06. November 2019 15:16

Berlin - Die deutsche Regierung hat ein Verbot von leichten Plastiksäcken beschlossen. Betroffen sind auch Säcke aus wiederverwertetem Kunststoff. Nur sehr dünne Tüten für stückweise angebotenes Obst und Gemüse bleiben erlaubt.

Deutschland geht bei der Bekämpfung von Plastikmüll einen Schritt weiter. Die Bundesregierung hat am Mittwoch eine Änderung des Verpackungsgesetzes beschlossen. Damit wird es laut einer Mitteilung Händlern verboten, leichte Plastiktüten in den Verkehr zu bringen. Säcke mit einer Wandstärke von weniger als 50 Mikrometern dürfen dann nicht mehr verkauft werden.
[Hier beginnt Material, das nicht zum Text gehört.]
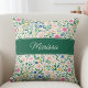 Add a fresh pop of personalized charm to your space with this floral name throw pillow. Featuring a lively botanical pattern filled with pink, blue, and yellow blossoms, this pillow brings brightness and warmth to any room. The deep green band across the center creates a clean, tailored contrast while highlighting the personalized name in graceful script for a polished, custom look. Perfect for sofas, beds, reading nooks, or guest rooms, this throw pillow blends cheerful florals with classic personalization—making it both decorative and meaningful.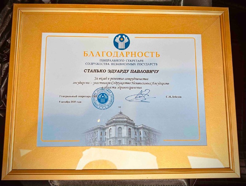 Благодарность Генерального секретаря СНГ объявлена члену рабочей группы Общественного совета, заведующему кафедрой психиатрии и наркологии Гродненского государственного медицинского университета, д.м.н. Эдуарду Станько.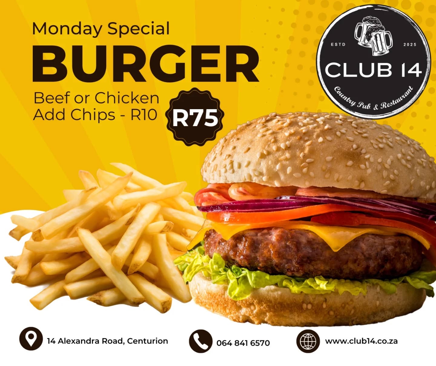 Club 14, located in Doringkloof, Pretoria, is not just a place to dine; it's a destination for BBQ enthusiasts and sports lovers. Our unique sports-themed environment sets the stage for a memorable dining experience. With a commitment to excellence, we offer quality dishes, an online food menu that adapts to your preferences, and seamless function booking options. Come join us for a flavor-packed journey like no other.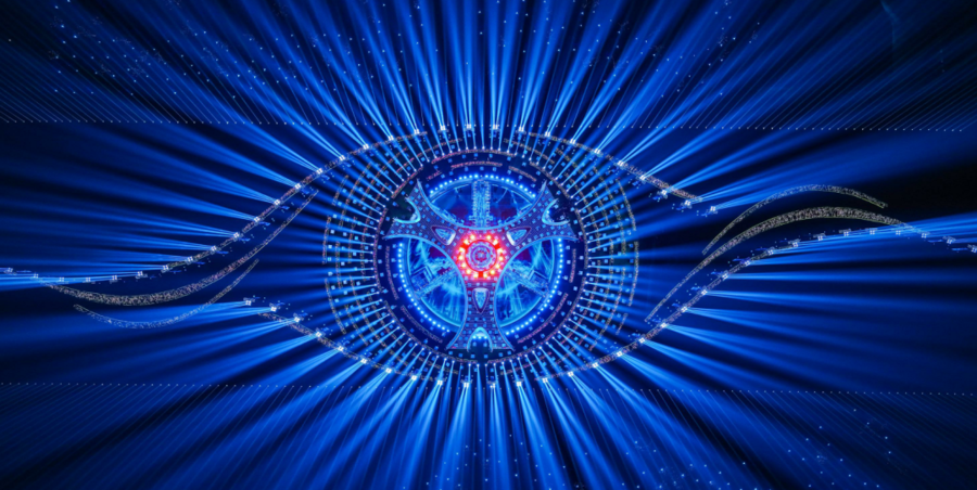 从高空俯瞰,一只巨大的“皖美之瞳”在合肥大地缓缓睁开。这是合肥分会场主舞台独具匠心的舞美设计——光影交织处,一个灵动璀璨的瞳眸跃然眼前。

Das betrifft auch Tüten aus Kunststoffen, die aus nachwachsenden Rohstoffen hergestellt werden, etwa Kartoffel- oder Maisstärke. „Sie stellen keine ökologisch sinnvolle Alternative dar, weil sie schwer recyclebar sind und die für ihre Herstellung benötigten pflanzlichen Rohstoffe oft unter verstärktem Pestizideinsatz gewonnen werden“, schreibt die Bundesregierung.

Dagegen sollen sehr leichte Tüten aus Kunststoff mit einer Wandstärke von weniger als 15 Mikrometern weiter zugelassen sein. Sie werden im Handel für den Transport von stückweise angebotenem Obst und Gemüse verwendet.
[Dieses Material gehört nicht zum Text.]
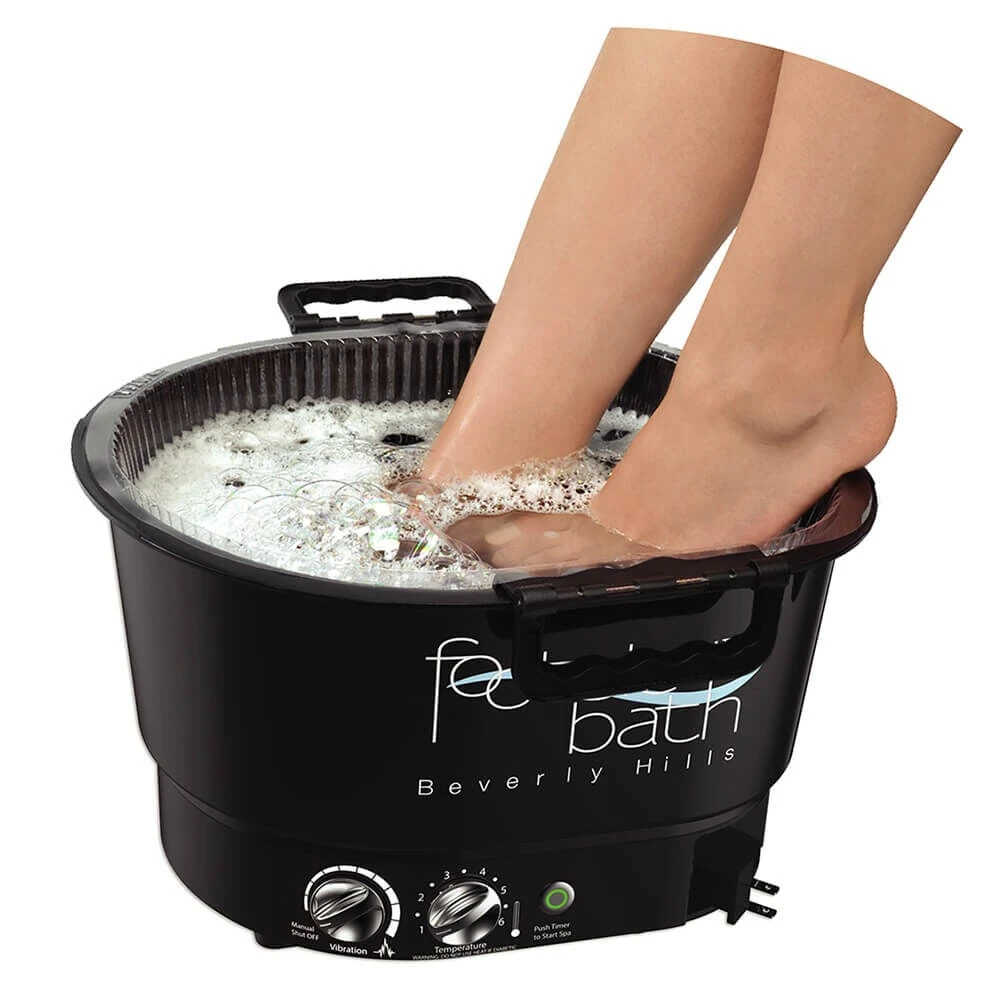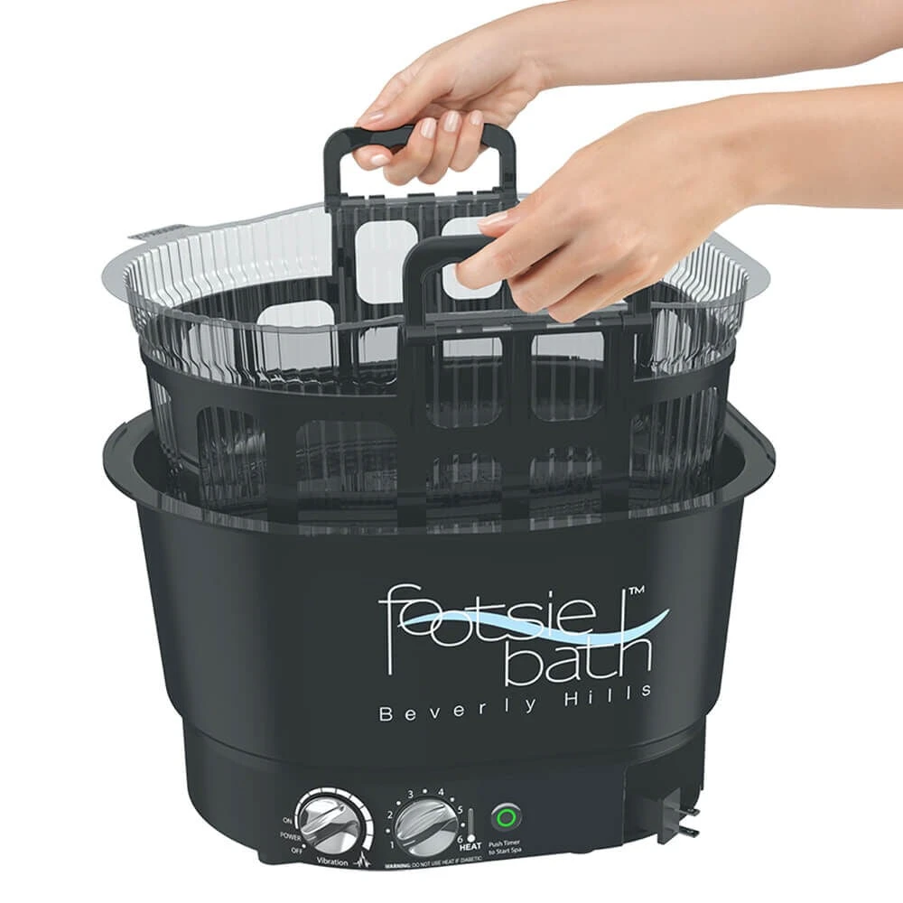 The first pedicure spa with a retractable cord, which is lightweight and durable FootsieBathâ„¢ is the most versatile foot spa on the market with a temperature controlled heater and ultra sonic vibration/massager. The carrier tray Eliminates the need to carry the Footsiebathâ„¢ from sink to pedicure station and back. It fits easily under most standard taps, making filling a breeze. Save time and space with the Carrier Tray from Footsiebath.â„¢ When finished with the pedicure, just lift Liner Carrier with used Liner. Once Liner is lifted, just empty out the water and dispose or recycle the Disposable Liner. What a big difference in cleaning!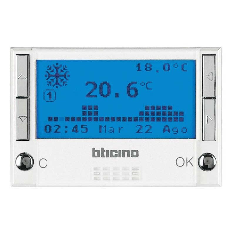 El cronotermostato conectado a la caldera o al aire acondicionado sirve para programar el encendido y el apagado y también la temperatura deseada. Cronotermostato incorporado diario/semanal para la calefacción y el aire acondicionado.

Der bvse-Bundesverband Sekundärrohstoffe und Entsorgung lehnt dieses generelle Verbot von Plastiktüten ab. Tragtaschen aus Kunststoff seien beim Materialaufwand und Tragfähigkeit optimiert, heisst es in einer Mitteilung des Branchenverbandes. „Wir vermuten hinter dieser Entscheidung blosse Symbolpolitik", kritisiert bvse-Hauptgeschäftsführer Eric Rehbock den Beschluss der Bundesregierung. 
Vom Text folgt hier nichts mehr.